(Information given)
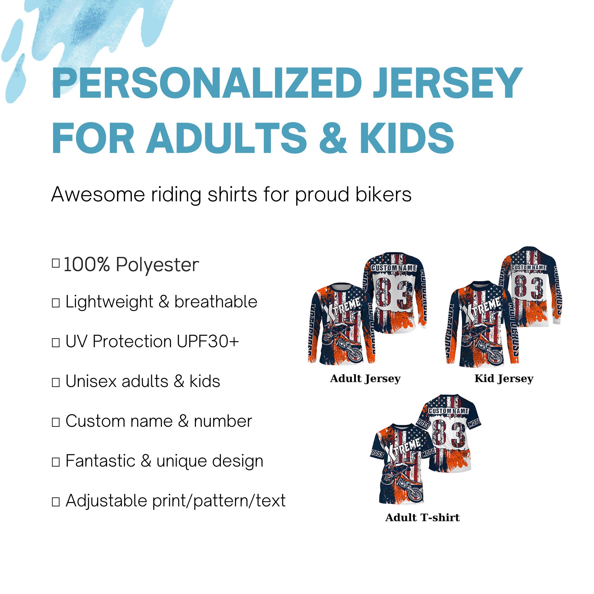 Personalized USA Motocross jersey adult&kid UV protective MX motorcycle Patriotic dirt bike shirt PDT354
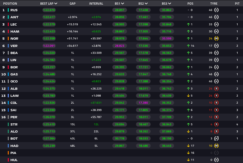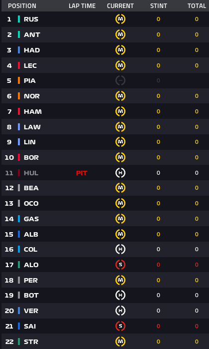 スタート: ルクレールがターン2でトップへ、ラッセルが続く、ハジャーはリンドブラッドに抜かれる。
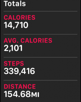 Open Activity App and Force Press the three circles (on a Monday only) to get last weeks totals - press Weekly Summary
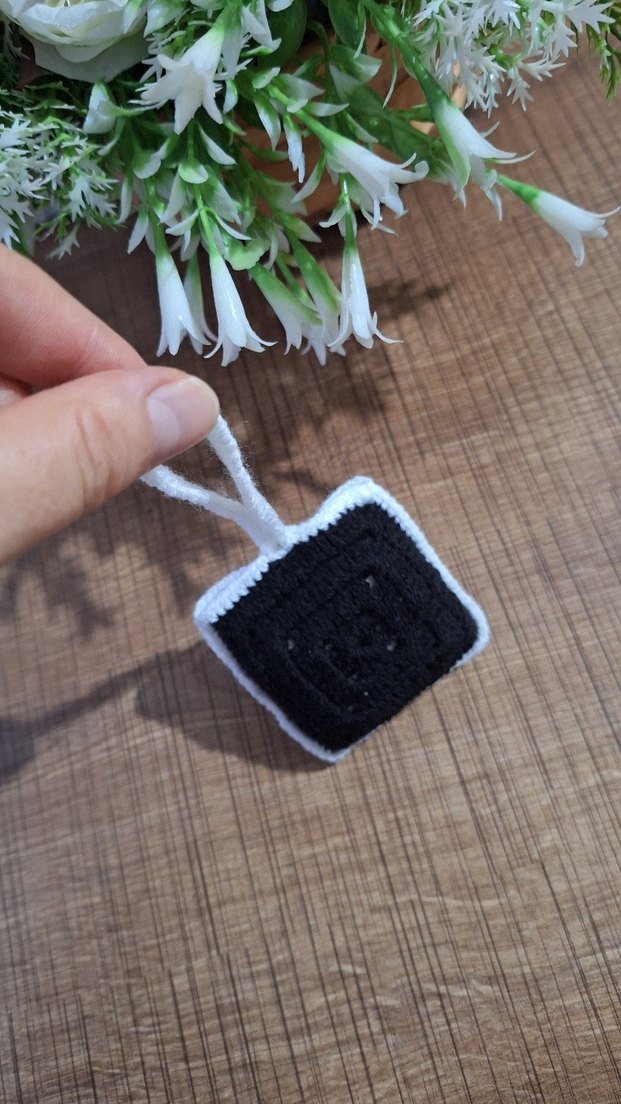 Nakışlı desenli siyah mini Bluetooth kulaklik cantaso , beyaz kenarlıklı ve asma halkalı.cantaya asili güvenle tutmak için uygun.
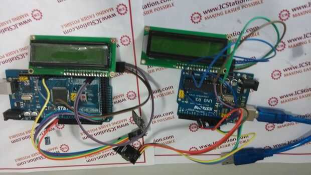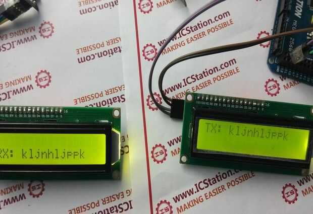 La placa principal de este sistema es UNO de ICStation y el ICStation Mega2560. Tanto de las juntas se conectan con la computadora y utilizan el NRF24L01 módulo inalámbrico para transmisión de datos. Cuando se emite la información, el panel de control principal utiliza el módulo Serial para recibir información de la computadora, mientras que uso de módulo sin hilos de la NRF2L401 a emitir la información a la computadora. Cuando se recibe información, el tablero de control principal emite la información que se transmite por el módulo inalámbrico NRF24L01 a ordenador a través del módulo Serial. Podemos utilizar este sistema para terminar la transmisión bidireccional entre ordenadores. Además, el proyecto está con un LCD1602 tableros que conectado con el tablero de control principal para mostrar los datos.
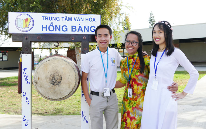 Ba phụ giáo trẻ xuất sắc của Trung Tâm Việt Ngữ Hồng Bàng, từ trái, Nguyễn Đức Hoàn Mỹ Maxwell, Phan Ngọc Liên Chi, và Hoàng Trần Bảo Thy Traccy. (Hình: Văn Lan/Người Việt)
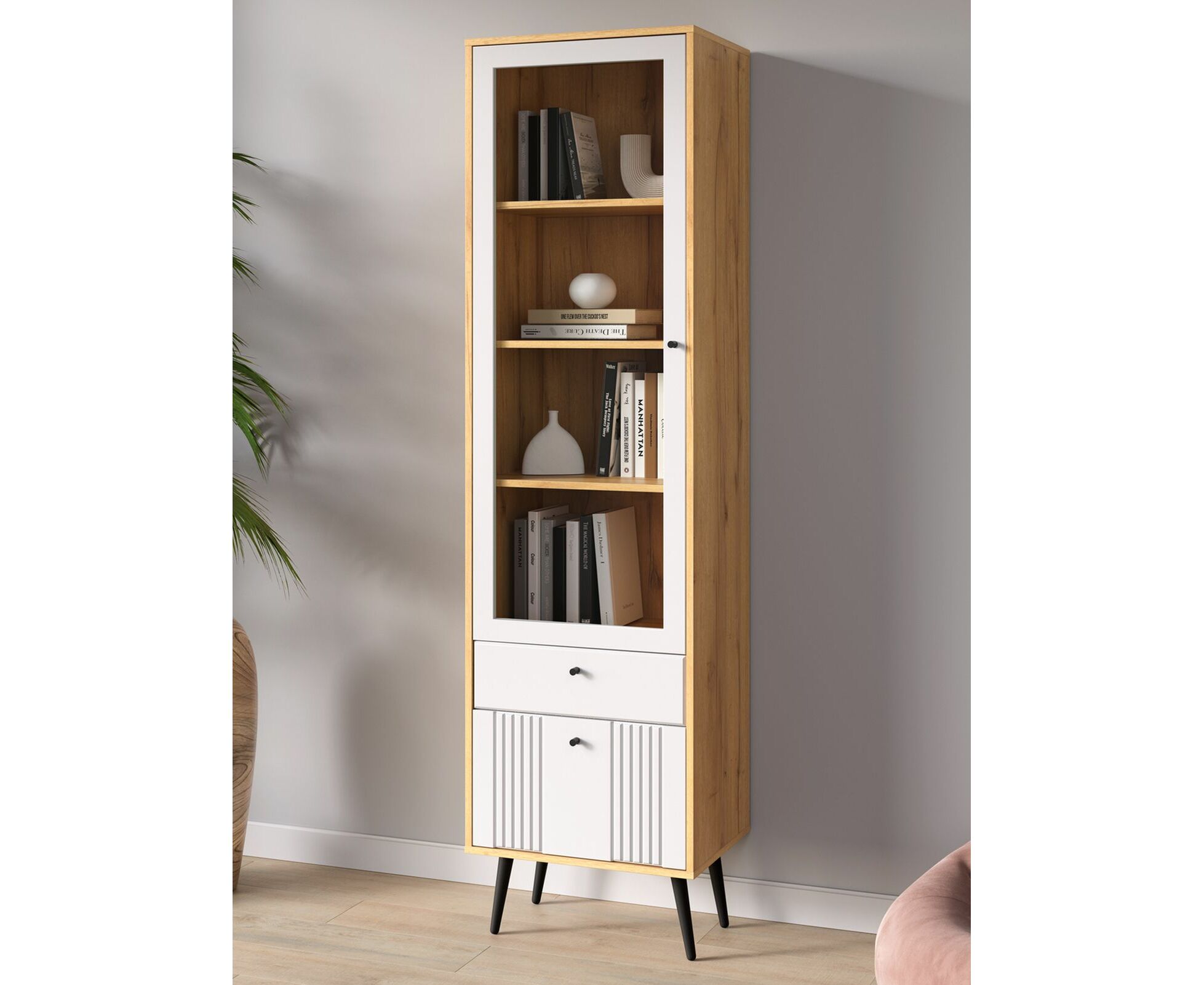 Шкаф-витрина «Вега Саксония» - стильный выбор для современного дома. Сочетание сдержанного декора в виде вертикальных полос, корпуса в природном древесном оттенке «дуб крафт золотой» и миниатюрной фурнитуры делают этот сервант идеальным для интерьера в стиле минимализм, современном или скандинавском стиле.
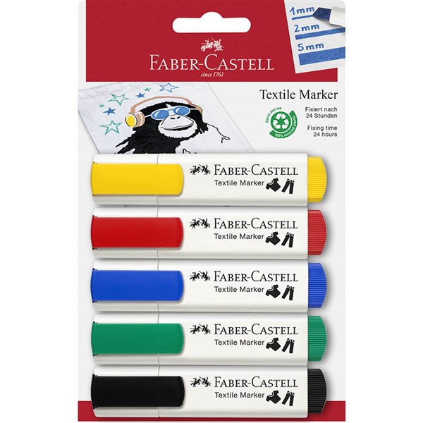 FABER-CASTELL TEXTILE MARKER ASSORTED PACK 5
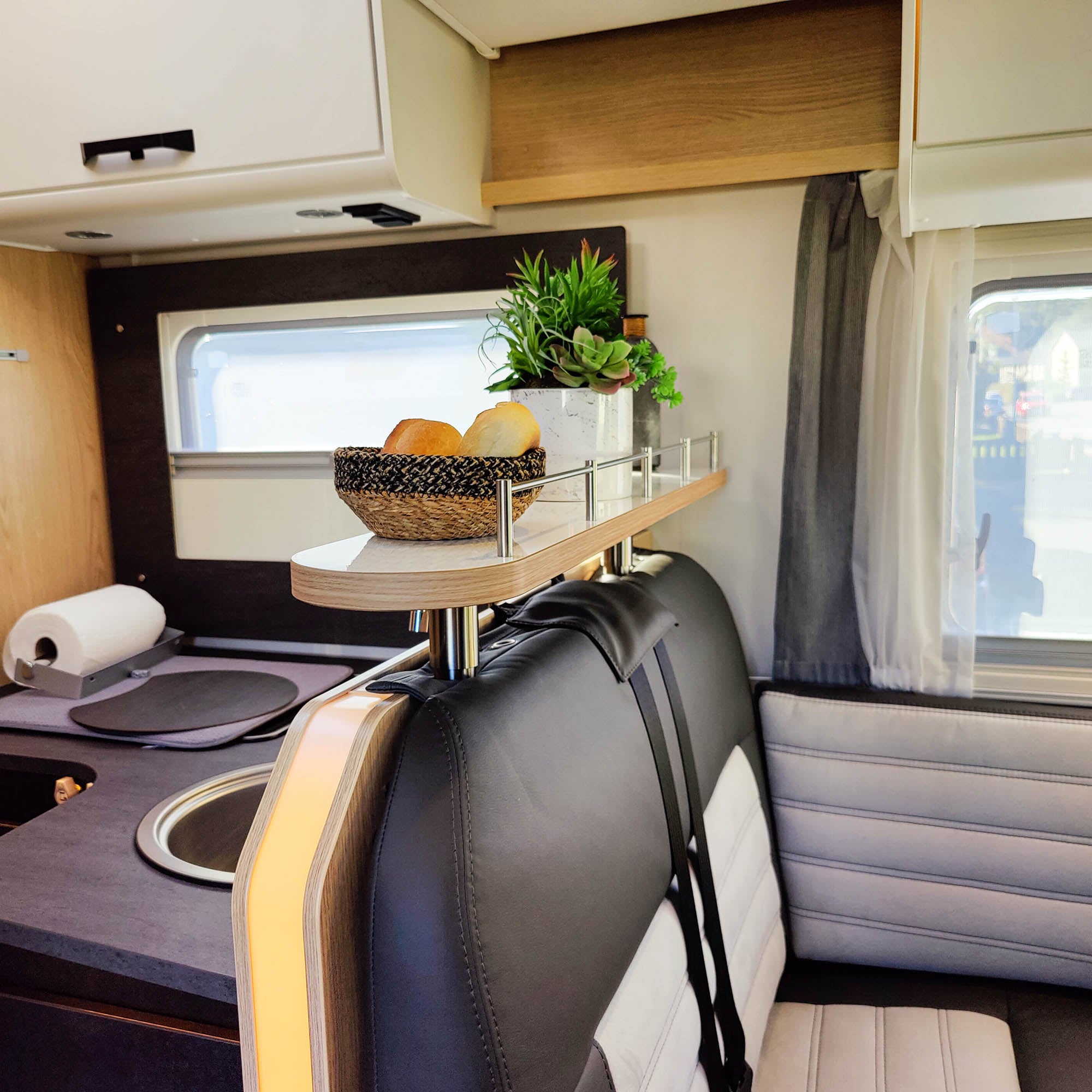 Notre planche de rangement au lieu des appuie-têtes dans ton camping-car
(End Information given)
◆ Task prompt
Restate word for word only the lines from where the entries begin through the one with "Nakışlı desenli siyah"; omit the pictures.

◆ Task output
 Personalized USA Motocross jersey adult&kid UV protective MX motorcycle Patriotic dirt bike shirt PDT354
 スタート: ルクレールがターン2でトップへ、ラッセルが続く、ハジャーはリンドブラッドに抜かれる。
 Open Activity App and Force Press the three circles (on a Monday only) to get last weeks totals - press Weekly Summary
 Nakışlı desenli siyah mini Bluetooth kulaklik cantaso , beyaz kenarlıklı ve asma halkalı.cantaya asili güvenle tutmak için uygun.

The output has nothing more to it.